• Requirement
Please return each of the entries exactly, minus their pictures.

******

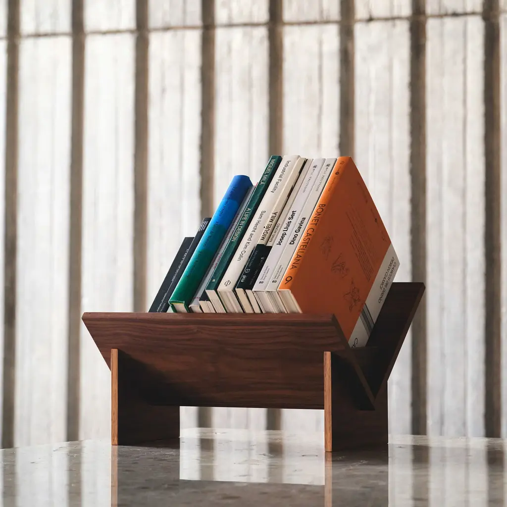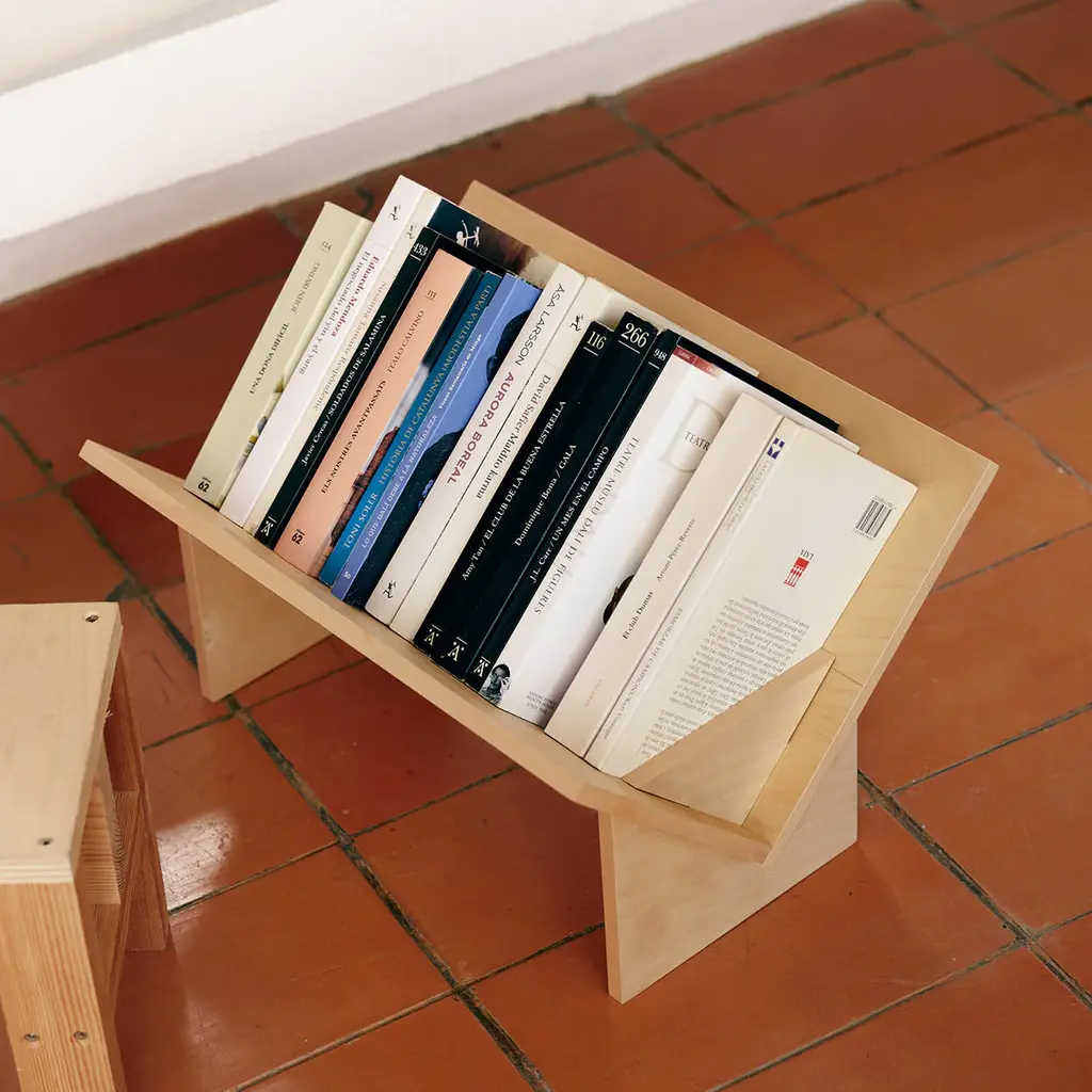 The Bookcase is a compact piece crafted from natural birch or walnut wood. Its minimalist structure features a simple rectangular frame that accommodates everything from small paperbacks to large art books. It can be placed on the floor or on a surface. The flat-pack design ensures easy assembly and transportation, while the wood's natural finish enhances its beauty over time.
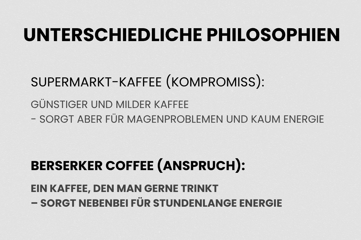 Das ist der Unterschied: Supermarkt-Kaffee ist Kompromiss. Berserker ist Anspruch. An Wirkung, an Geschmack, an Qualität.
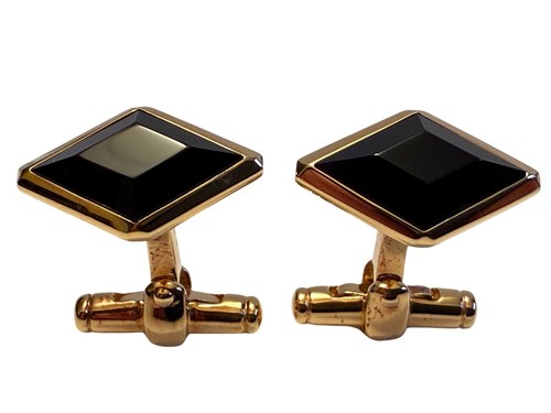 Crafted in Thailand from solid sterling silver these stunning cufflinks feature a black onyx diamond, inspired by Dunhills signature engine turn pattern, set in gold plated sterling silver
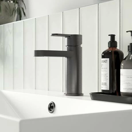 The Venice Giro basin mixer tap features a sleek round edged design with a striking brushed gunmetal grey finish. Made from brass and incorporates ceramic disc technology providing smooth operation and long life. Supplied with co-ordinating push button waste.
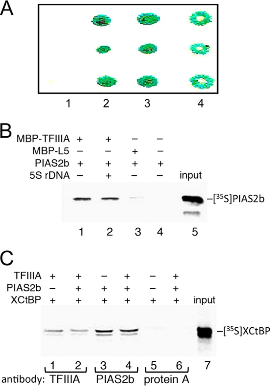 FIGURE 1. TFIIIA interacts with PIAS2b and XCtBP. A, colony lift filter assay used to measure interactions between PIAS2b and TFIIIA in a yeast two-hybrid system. Triplicate assays are presented in each column, with the following bait/prey combinations: lane 1, lamC/T antigen (negative control); lane 2, TFIIIA (fingers 1–3)/PIAS2b; lane 3, TFIIIA (fingers 1–4)/PIAS2b; lane 4, p53/PIAS2b. B, MBP-TFIIIA or MBP-L5 (negative control) fusion protein was incubated with reticulocyte lysate containing 35S-labeled PIAS2b. The fusion protein was recovered by binding to amylose resin. Precipitated samples were analyzed by SDS-PAGE followed by autoradiography. C, reticulocyte lysate containing 35S-labeled XCtBP was incubated with either TFIIIA or PIAS2b alone or with both proteins together. Complexes were collected by immunoprecipitation using either anti-TFIIIA (lanes 1 and 2) or anti-PIAS2b (lanes 3 and 4) antibody adsorbed to protein A-Sepharose. Control assays used unmodified protein A-Sepharose. Precipitated samples were analyzed by SDS-PAGE followed by autoradiography. |

******

• Exercise response
 The Bookcase is a compact piece crafted from natural birch or walnut wood. Its minimalist structure features a simple rectangular frame that accommodates everything from small paperbacks to large art books. It can be placed on the floor or on a surface. The flat-pack design ensures easy assembly and transportation, while the wood's natural finish enhances its beauty over time.
 Das ist der Unterschied: Supermarkt-Kaffee ist Kompromiss. Berserker ist Anspruch. An Wirkung, an Geschmack, an Qualität.
 Crafted in Thailand from solid sterling silver these stunning cufflinks feature a black onyx diamond, inspired by Dunhills signature engine turn pattern, set in gold plated sterling silver
 The Venice Giro basin mixer tap features a sleek round edged design with a striking brushed gunmetal grey finish. Made from brass and incorporates ceramic disc technology providing smooth operation and long life. Supplied with co-ordinating push button waste.
 FIGURE 1. TFIIIA interacts with PIAS2b and XCtBP. A, colony lift filter assay used to measure interactions between PIAS2b and TFIIIA in a yeast two-hybrid system. Triplicate assays are presented in each column, with the following bait/prey combinations: lane 1, lamC/T antigen (negative control); lane 2, TFIIIA (fingers 1–3)/PIAS2b; lane 3, TFIIIA (fingers 1–4)/PIAS2b; lane 4, p53/PIAS2b. B, MBP-TFIIIA or MBP-L5 (negative control) fusion protein was incubated with reticulocyte lysate containing 35S-labeled PIAS2b. The fusion protein was recovered by binding to amylose resin. Precipitated samples were analyzed by SDS-PAGE followed by autoradiography. C, reticulocyte lysate containing 35S-labeled XCtBP was incubated with either TFIIIA or PIAS2b alone or with both proteins together. Complexes were collected by immunoprecipitation using either anti-TFIIIA (lanes 1 and 2) or anti-PIAS2b (lanes 3 and 4) antibody adsorbed to protein A-Sepharose. Control assays used unmodified protein A-Sepharose. Precipitated samples were analyzed by SDS-PAGE followed by autoradiography. |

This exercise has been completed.